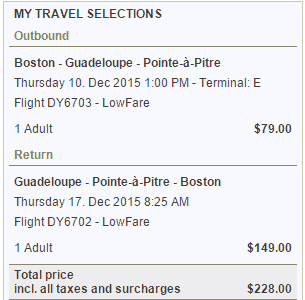 Je viens de faire une simulation pour rejoindre la Guadeloupe depuis Montréal, une destination inabordable habituellement depuis le Canada.
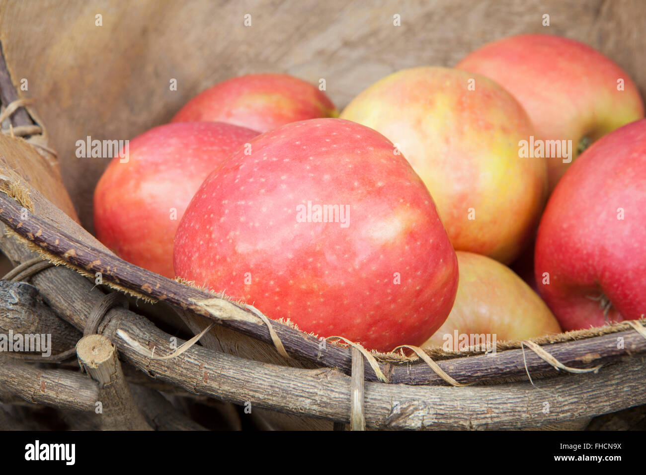 Pink lady (Cripps pink) apples in a rustic basket close up Stock Photo Alamy
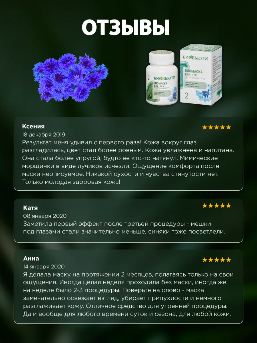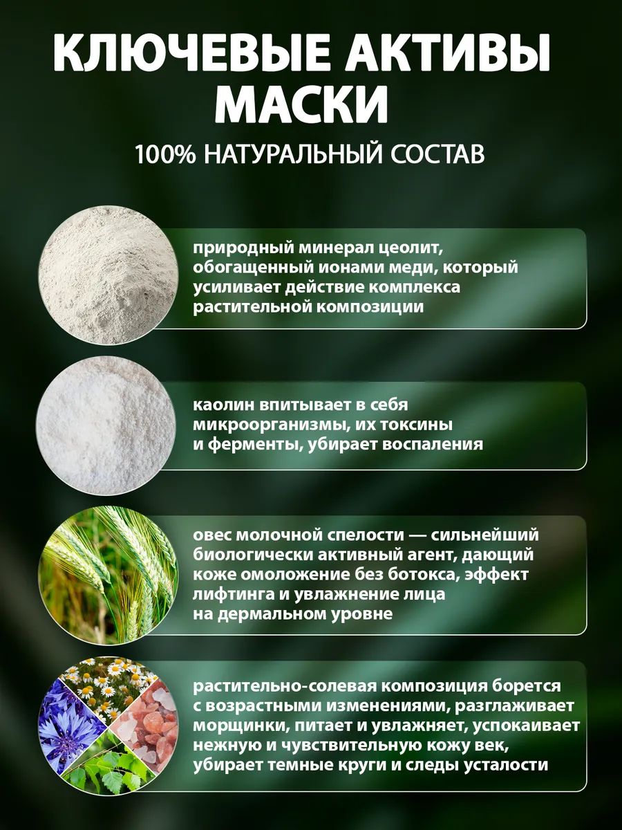 маска для лица и глаз – это средство, разработанное с учетом потребностей кожи. Она предназначена для женщин, стремящихся поддерживать молодость и свежесть своей кожи. Формула маски позволяет эффективно бороться с признаками старения, увлажнять и успокаивать, а также улучшать внешний вид кожи вокруг глаз.
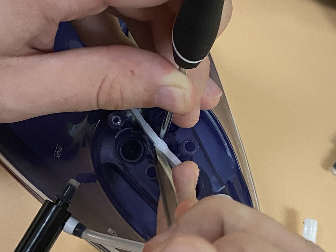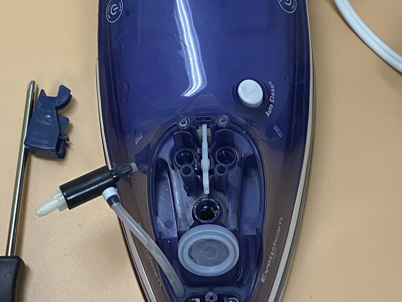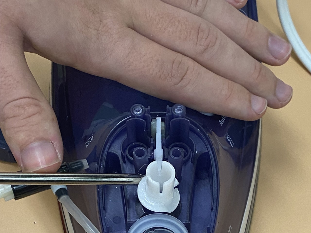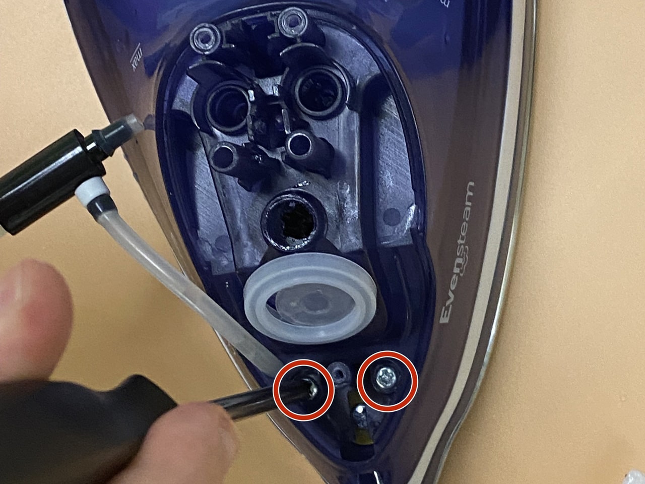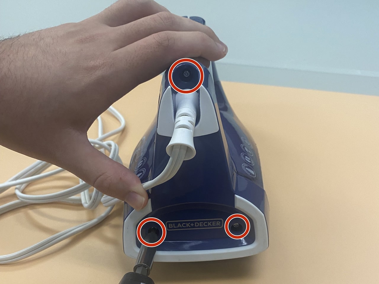 برای دسترسی به پیچهای بدنه اصلی، اغلب باید دکمههای اسپری آب و بخار را بردارید، با استفاده از اسپاتول یا ناخن، به آرامی زیر دکمههای روی دسته اهرم کنید و آنها را به سمت بالا بکشید تا جدا شوند. (مراقب باشید خارها نشکنند). زیر این دکمهها معمولاً یک پیچ مخفی وجود دارد. آن را باز کنید. پیچ موجود در قسمت نوک (جلو) اتو را هم باز کنید (گاهی زیر درپوش مخزن آب پنهان است).

WHAT YOU WILL DO: Find the line that contains "Pink lady (Cripps". Copy it and every line after it through the end of the listing exactly, but not the pictures.

REPLY TO THE EXERCISE:
 Pink lady (Cripps pink) apples in a rustic basket close up Stock Photo Alamy
 маска для лица и глаз – это средство, разработанное с учетом потребностей кожи. Она предназначена для женщин, стремящихся поддерживать молодость и свежесть своей кожи. Формула маски позволяет эффективно бороться с признаками старения, увлажнять и успокаивать, а также улучшать внешний вид кожи вокруг глаз.
 برای دسترسی به پیچهای بدنه اصلی، اغلب باید دکمههای اسپری آب و بخار را بردارید، با استفاده از اسپاتول یا ناخن، به آرامی زیر دکمههای روی دسته اهرم کنید و آنها را به سمت بالا بکشید تا جدا شوند. (مراقب باشید خارها نشکنند). زیر این دکمهها معمولاً یک پیچ مخفی وجود دارد. آن را باز کنید. پیچ موجود در قسمت نوک (جلو) اتو را هم باز کنید (گاهی زیر درپوش مخزن آب پنهان است).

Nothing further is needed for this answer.